Exercise details: Once you find the line with "Długi sweter o", output it and every line after it exactly, through the last line of the listing, but no pictures.

Input data:
<<<<

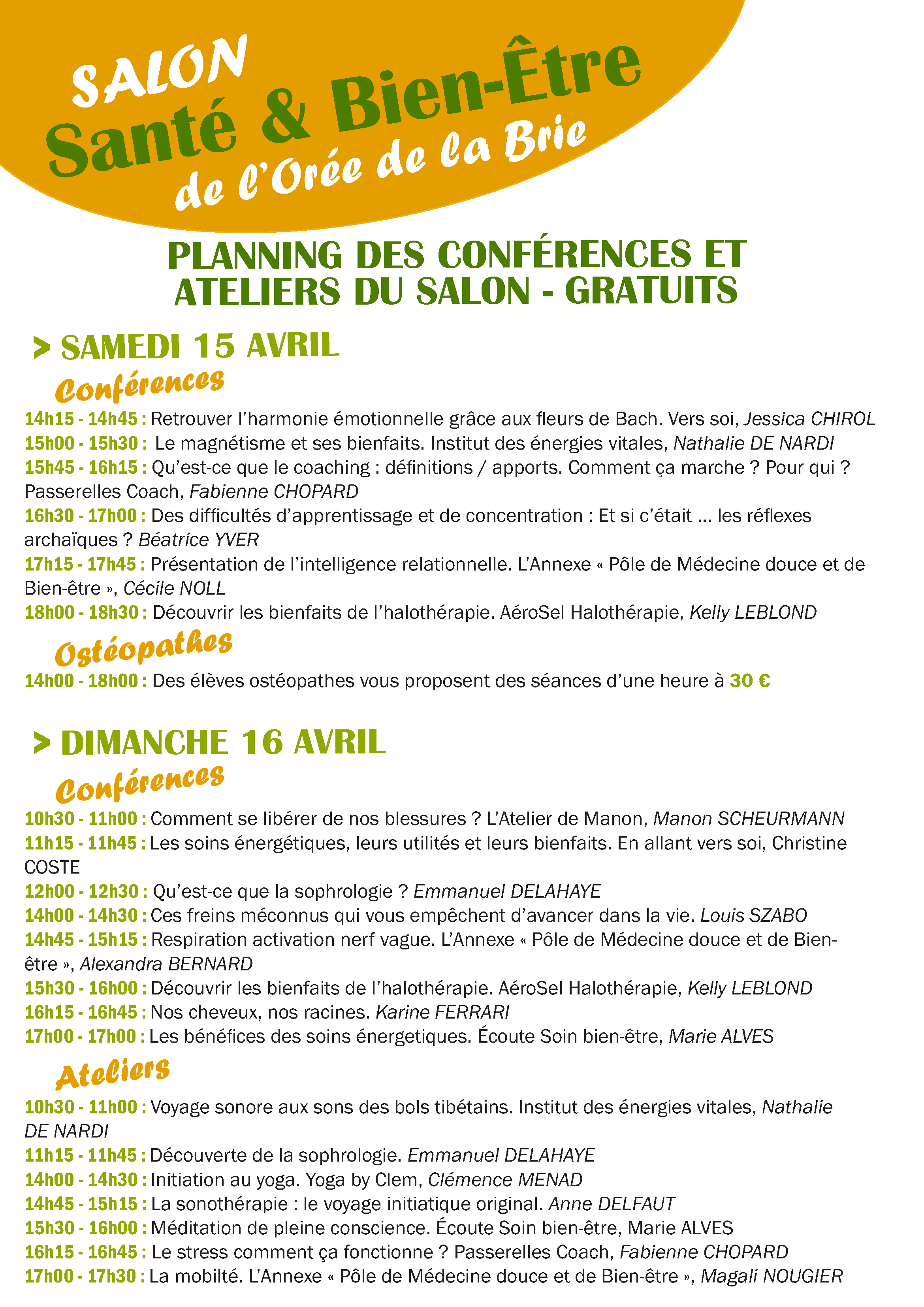 Des démonstrations, des ateliers et des conférences, seront organisés : méditation, réflexologie, naturopathie… Voir le visuel ci-joint.
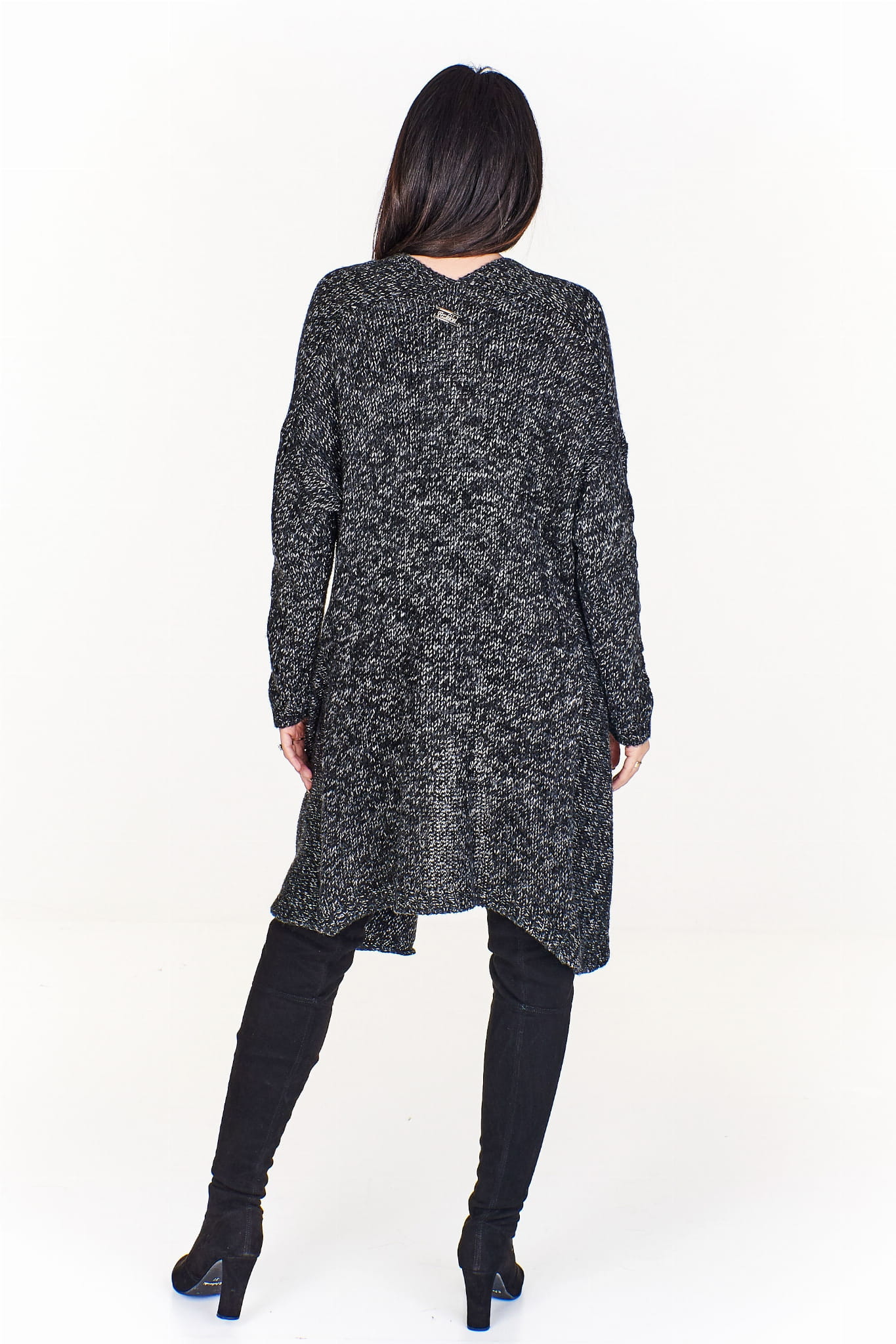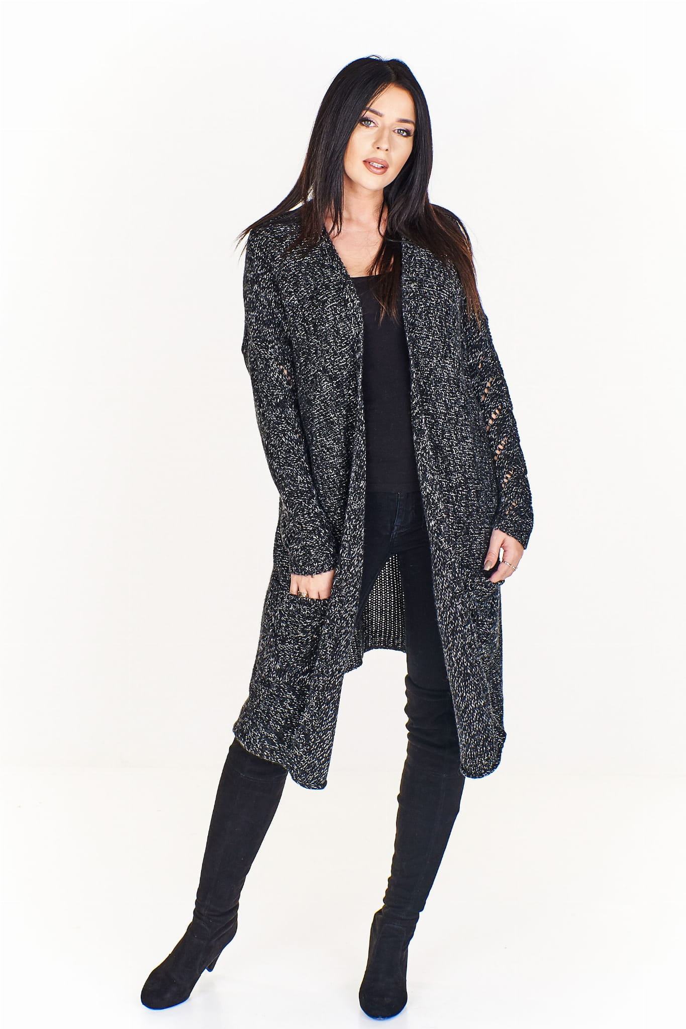 Długi sweter o asymetrycznym kroju z dziurkowanym wzorem na rękawach przeplatany białą nitką
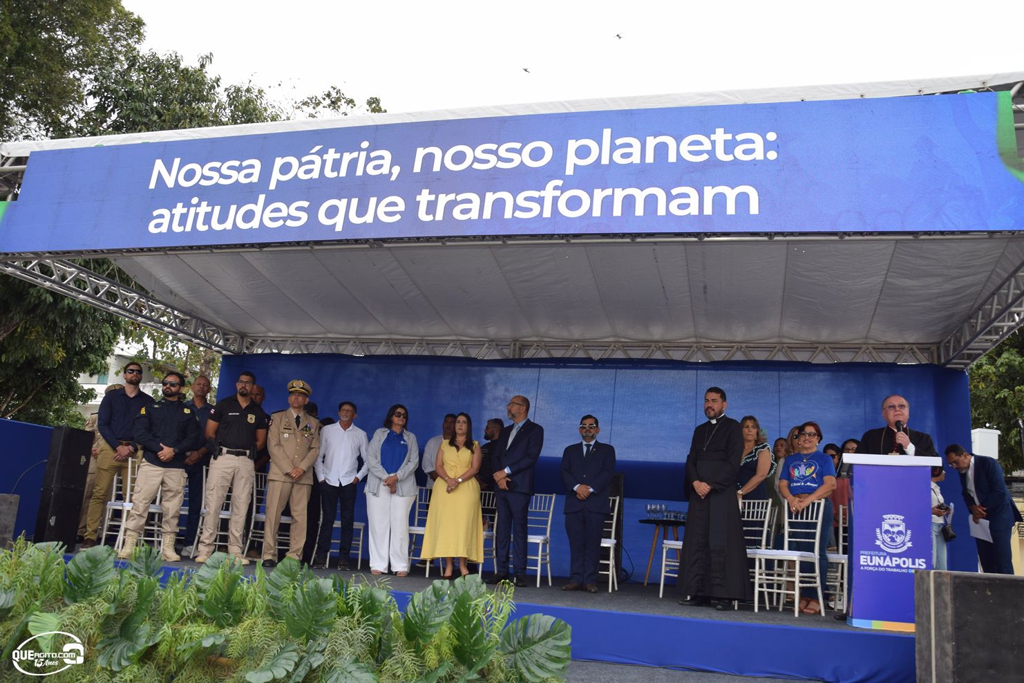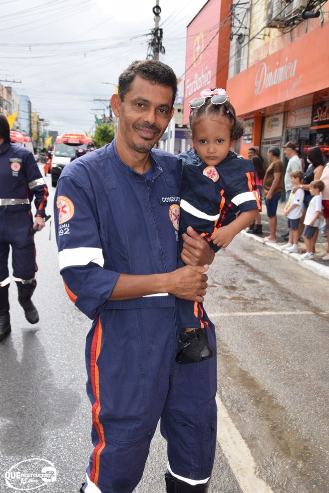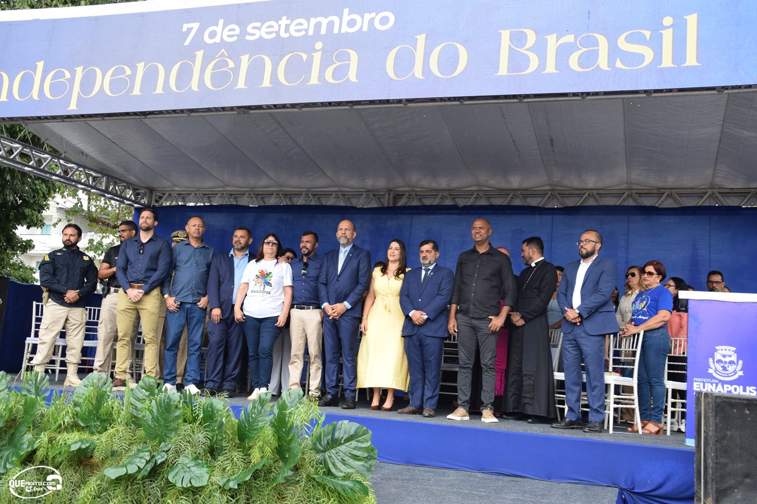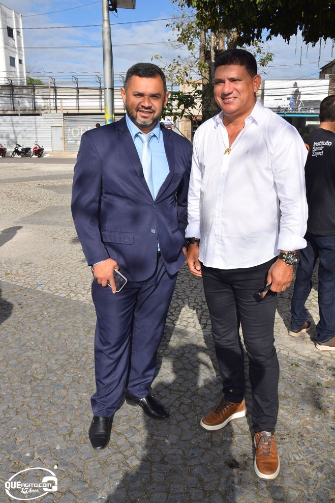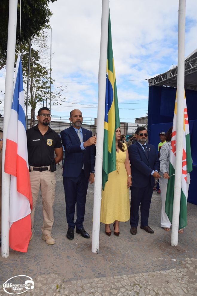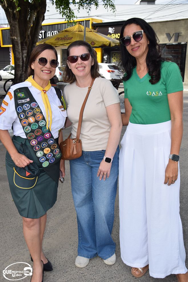 No palanque oficial, instalado na Praça da Bandeira, o prefeito Robério Oliveira acompanhou o evento ao lado da primeira-dama e deputada estadual Cláudia Oliveira, do vice-prefeito Pastor Bené, do presidente da Câmara, Valdiran Marques, além de vereadores, secretários municipais e representantes das forças de segurança, autoridades civis e religiosas.

>>>>

Solution for this problem:
 Długi sweter o asymetrycznym kroju z dziurkowanym wzorem na rękawach przeplatany białą nitką
 No palanque oficial, instalado na Praça da Bandeira, o prefeito Robério Oliveira acompanhou o evento ao lado da primeira-dama e deputada estadual Cláudia Oliveira, do vice-prefeito Pastor Bené, do presidente da Câmara, Valdiran Marques, além de vereadores, secretários municipais e representantes das forças de segurança, autoridades civis e religiosas.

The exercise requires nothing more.